We agree that the strength of feedback information is related to task demand. Specifically, we would like to highlight the relationship between task demand and feedback information in the superficial layer. Previous studies have shown that foveal feedback information is observed only when the task requires the identity information of the peripheral objects (Williams et al., 2008; Fan et al., 2016; Yu and Shim, 2016). In this study, we found that the deep layer represented both orientation and categorical feedback information, while the superficial layer only represented categorical information. This suggests that feedback information in the superficial layer may be related to (or enhanced by) the task demands. In other words, if the experimental design required participants to discriminate orientation rather than object identity, we would expect stronger orientation information in foveal V1 and significant decoding performance of orientation feedback information in the superficial layer of foveal V1. This assumption is consistent with the anatomical connections of the superficial layer, which not only receives feedback connections but also sends outputs to higher-level regions for further processing. This is also consistent with Iamshchinina et al.’s observation that, when orientation information had to be mentally rotated and reported (i.e., task-relevant), it was observed in both the superficial and deep layers of V1. Bergmann et al. observed illusory color information in the superficial layer of V1, which may reflect a combination of lateral propagation and feedback mechanisms in the superficial layer that support visual filling-in phenomena. We have revised the discussion in the manuscript: In other words, if the experimental design required participants to discriminate orientation rather than object identity, we would expect stronger orientation information in foveal V1 and significant decoding performance of orientation feedback information in the superficial layer of foveal V1. Recent studies (Iamshchinina et al., 2021; Bergman et al., 2024) have also highlighted the relationship between feedback information and neural representations in V1 superficial layer.

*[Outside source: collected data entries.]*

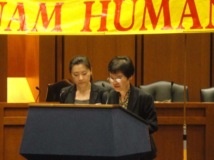 我叫葛丽芳,今天我代表中国冤民大同盟向国际人权组织和国际社会用事实揭露中共的人权黑幕,在此由于时间关系不能一一列举,如有关心中国人权问题的专家可向我们索要。
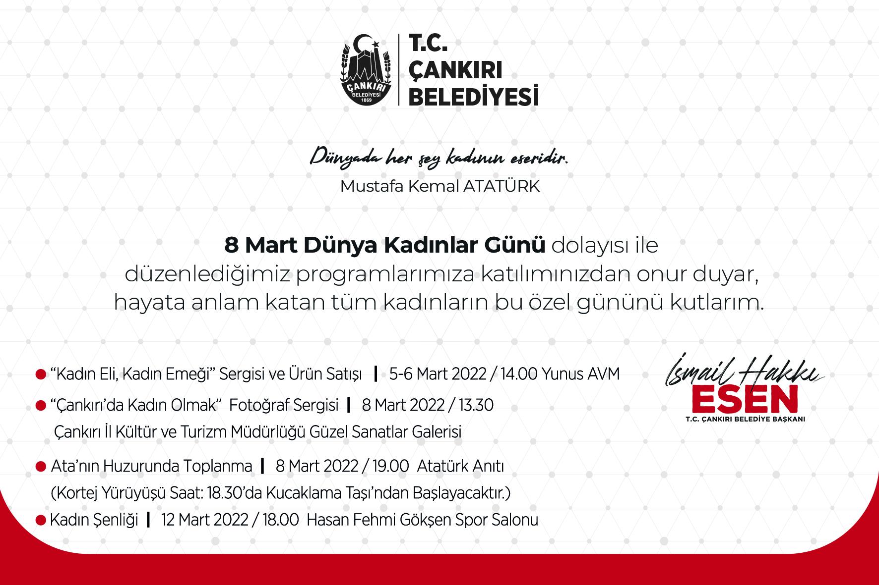 Belediye Başkanı İsmail Hakkı Esen, tüm kadınların Dünya Kadınlar Günü’nü kutlayarak Çankırı’da yaşayan tüm kadınları etkinliklere davet etti. Etkinliklerin diğer bölümlerinin ise 8 Mart’ta kadın personele idari izin kullandırılması, kadın personel ile kahvaltı programı, kurum, halk ve esnaf ziyaretlerinden oluştuğu bildirildi.
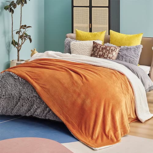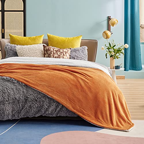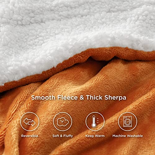BEDSURE Decke Sofa Kuscheldecke orange – warm Sherpa Sofaüberwurf Decke, Dicke Sofadecke Couchdecke, 150×200 cm XL Flauschige Wohndecke für Couch

To further demonstrate the laminar profiles of low- and high-order information, we have re-analyzed the data and added more fine-scale laminar profiles with statistical comparisons in the revised manuscript. The results again showed significant neural decoding performances in the deep layer of both category and orientation information, and only significant decoding performances of category information in the superficial layer.

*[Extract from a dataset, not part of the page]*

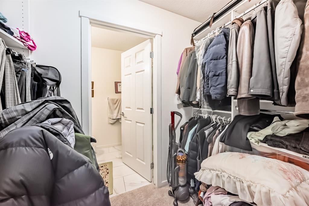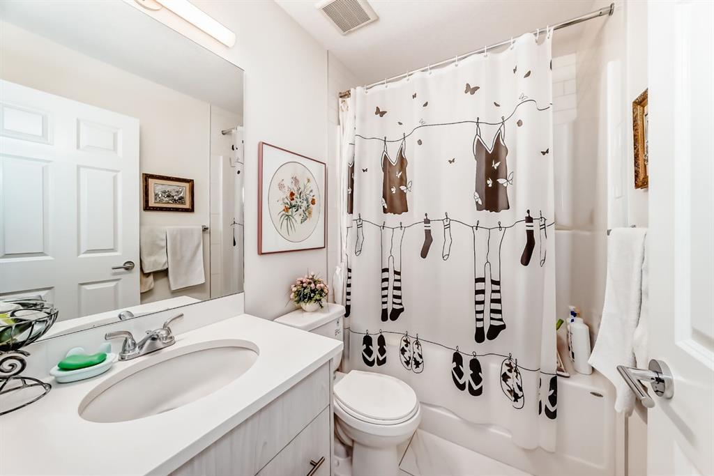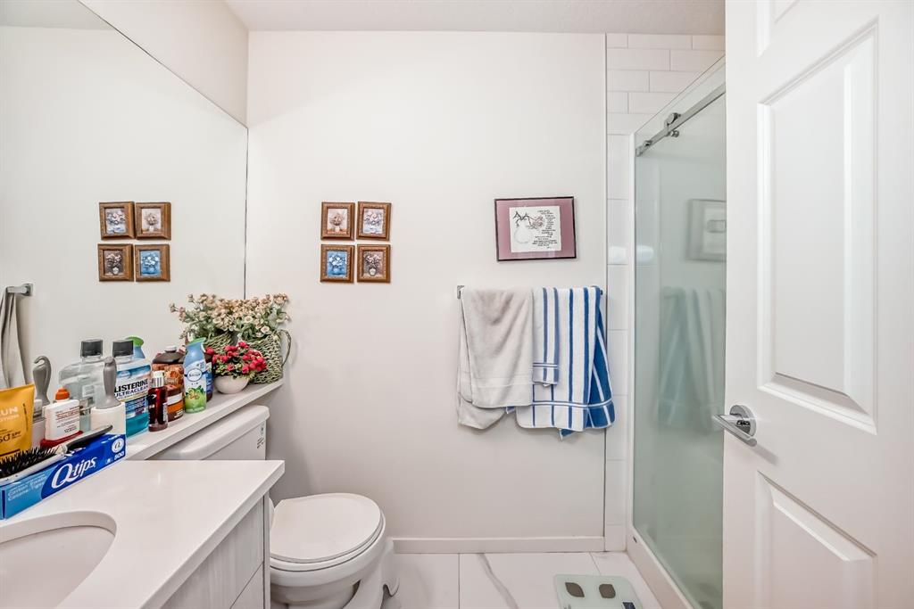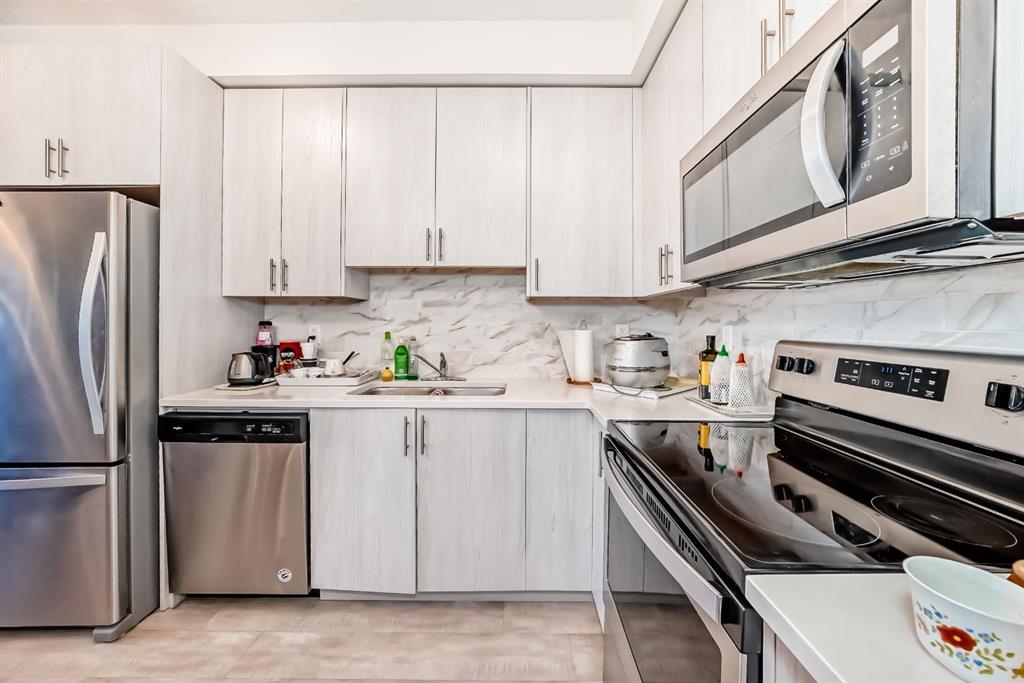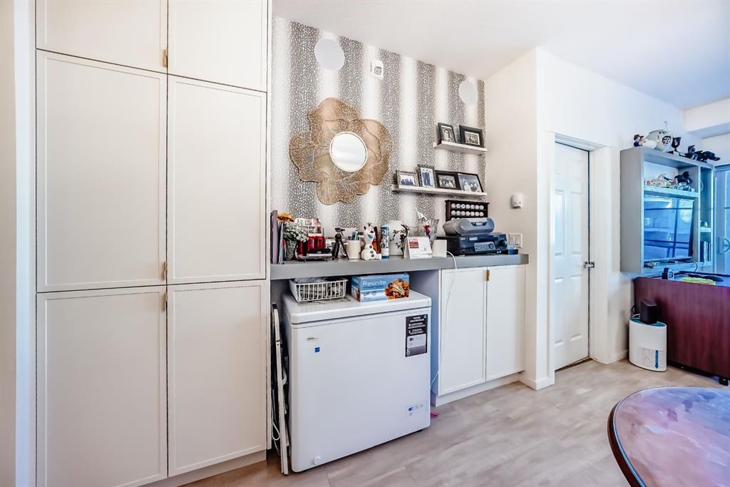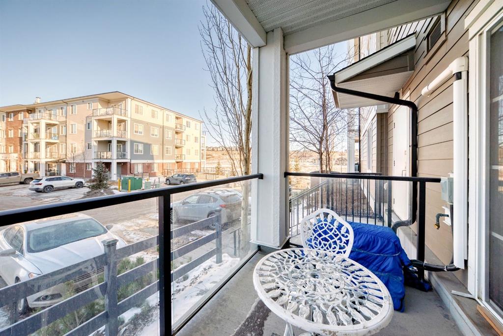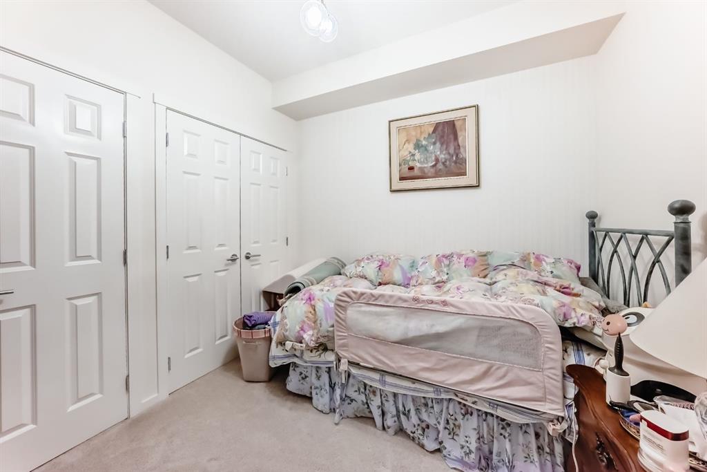 The previous show-suite offers a professional split-bedroom design where the central living area separates the two bedrooms for maximum privacy. As a main-floor unit, this home features 9-foot ceilings that create a spacious and open atmosphere. The entry foyer includes a coat closet and leads into a modern open-concept space designed for both daily living and entertaining. The gourmet kitchen features Blizzard-Quartz countertops, a marble tile backsplash, and stainless steel appliances. A breakfast bar that overlooks the living room and a designated dining area. The cabinetry is upgraded with 42-inch upper cabinets, under-cabinet lighting, and undermount sinks. The primary suite fits a king or queen-sized bed and includes a private walk-in closet. The attached ensuite bathroom features a deluxe shower and a quartz countertop with a banjo arm for extra surface space. On the opposite side of the unit, the second bedroom fits a queen bed and sits directly next to the second full bathroom, which includes a deep soaker tub. High-end finishes are found throughout the home, including silver oak cork flooring, custom lighting, and designer wallpaper. The living room comes with a pre-installed TV mount and provides direct access to a private concrete patio. For extra convenience, the in-suite laundry room includes a stacked washer and dryer with a built-in organizer. This home is located within walking distance of Sage Hill Crossing, T&T Supermarket, and Walmart.

(1.2) The authors argue that category feedback is not driven by low-level confounding features embedded in the stimuli. They demonstrate the ability to decode orientations, particularly well represented by V1, in the absence of category discrimination. However, the orientation is not a category-discriminating feature in this task. It could be that the category-discriminating features cannot be as well decoded from V1 activity patterns as orientations. Also, there are a number of these category discriminating features and it is unclear if it is a variation in their representational strength or merely the absence of the task-driven enhancement that preempts category decoding in V1 during the foveal task. In other words, I am not sure whether, if orientation was a category-specific feature (sharpies are always horizontal and smoothies are vertical), there would still be no category decoding.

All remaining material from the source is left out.